Lecture by Jalal Toufic, a thinker, writer, and artist.
This lecture provides an overview of Jalal’s concept of the withdrawal of tradition past a surpassing disaster: ‘To detect this withdrawal, whether symptomatically or otherwise, one is well advised to look for it in messianic movements as well as in artistic and literary works: “With regard to the surpassing disaster, art acts like the mirror in vampire films: it reveals the withdrawal of what we think is still there. ‘You have seen nothing in Hiroshima’ [Duras/Resnais’ Hiroshima mon amour]. Does this entail that one should not record?
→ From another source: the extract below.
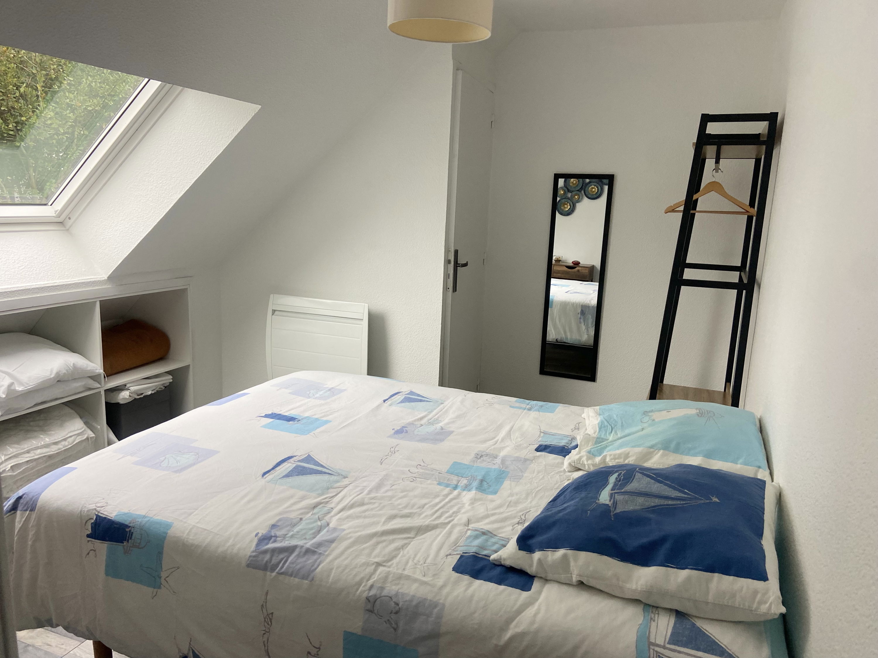 The upstairs bedroom is furnished with a double bed (140x190), a cupboard under the eaves, a wardrobe and a toilet.
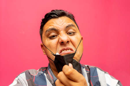 Isolated portrait of a man who is experiencing despair or signs of deteriorating mental health by ripping off the mask he wears due to the .

No. One should record this ‘nothing,’ which only after the resurrection can be available.” We will examine if and how one can record this “nothing,” as well as how to contribute to the resurrection of the withdrawn tradition—without this resurrection tradition becomes a counterfeit of itself.’
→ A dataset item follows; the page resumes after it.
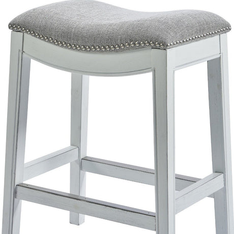 - HomeRoots - 26" Gray and White Solid Wood and Linen Blend Backless Counter Height Bar Chair Regular price $115.74Unit price /UnavailableIn stock

Jalal Toufic, film theorist, and video artist, was born in Lebanon in 1962. He is the author of ‘Distracted’ (1991); ‘Vampires: An Uneasy Essay on the Undead in Film’ (1993); Forthcoming (2000); and ‘Undying Love, or Love Dies’ (2002). His videos and mixed media works have been presented in North America, Brazil, the Middle East and Europe. He has also taught at the University of California, Berkeley; the California Institute of the Arts, USC; and Amsterdam’s DasArts and the Rijksakademie.